En el marco de la alianza, se hace referencia a este culto y adoración del Señor. Yahveh indica a Moisés lo que tiene que decir al faraón: “Tenemos que hacer un viaje de tres jornadas por el desierto para ofrecer sacrificios al Señor, nuestro Dios”.

Desde el relato de Caín y Abel que aparece en el libro del Génesis, los actos de culto a Dios se realizan mediante la ofrenda y el sacrificio, esto es, mediante el ofrecimiento al Señor de los dones que tenemos, de los que nos privamos para entregárselos a él. De este modo se simboliza también la entrega de la propia vida: en los dones que ofrezco, me ofrezco yo mismo. Este ritual evoluciona en el pueblo de Israel, pero siempre guarda unas características comunes.

La primera, el sacrificio de la sangre de animales. Algo muy preciado en una cultura nómada —en el caso del Éxodo—, pues el pueblo se alimenta del ganado. Es algo de mucho valor que se ofrece a Dios, y que es un sacrificio, una renuncia para los fieles.

La ofrenda pretende mostrar la adoración a Dios, su reconocimiento como el único Señor, soberano del mundo. Pero esta adoración no se produce por el mero hecho de sacrificar un toro o un cordero. Ha de ser un acto interno del corazón, algo que ve sólo Dios. En el caso de Caín y Abel queda en evidencia que el sacrificio más agradable al Señor, y por lo tanto, el culto que Dios pide, no se realiza por meros actos exteriores: la ofrenda de Abel va acompañada de rectitud de corazón, mientras que la de Caín no.

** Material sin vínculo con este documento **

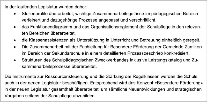 15. April 2026 – Die letzten vier Jahre schlitterte die Schulpflege von einer Krise in die nächste. Jetzt legt sie einen Tätigkeitsbericht vor, der einen grossen Bogen um alle Probleme macht und sich festklammert an Reglementen, Konzepten und Richtlinien.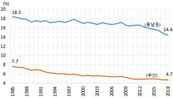 이와 함께 보고서는 1985년과 2018년의 GRDP 지역 산업별 전국 비중과 역내 비중 변화를 비교해 지역 간 산업구조 변화를 분석했다. 그 결과 부산은 지난 1985년 주요 산업이었던 제조업과 운수·창고업 등이 2018년에 와서 전국비중과 역내비중 모두 감소하며 부진한 모습을 보였다.

La alabanza y culto al Señor la realizamos con el ofrecimiento de nuestro corazón y de nuestra vida. En ese caso, el ofrecimiento de las cosas que tenemos tendrá su efecto. A lo largo de los próximos días, vamos a ver al pueblo de Israel dudando en numerosas ocasiones de Yahveh y de Moisés. Aparecerá una definición nada positiva de los israelitas: “pueblo de dura cerviz”. Y Dios se quejará de lo lejos que están de Él. Ofrecerán sacrificios a regañadientes, por obligación, pero sin corazón.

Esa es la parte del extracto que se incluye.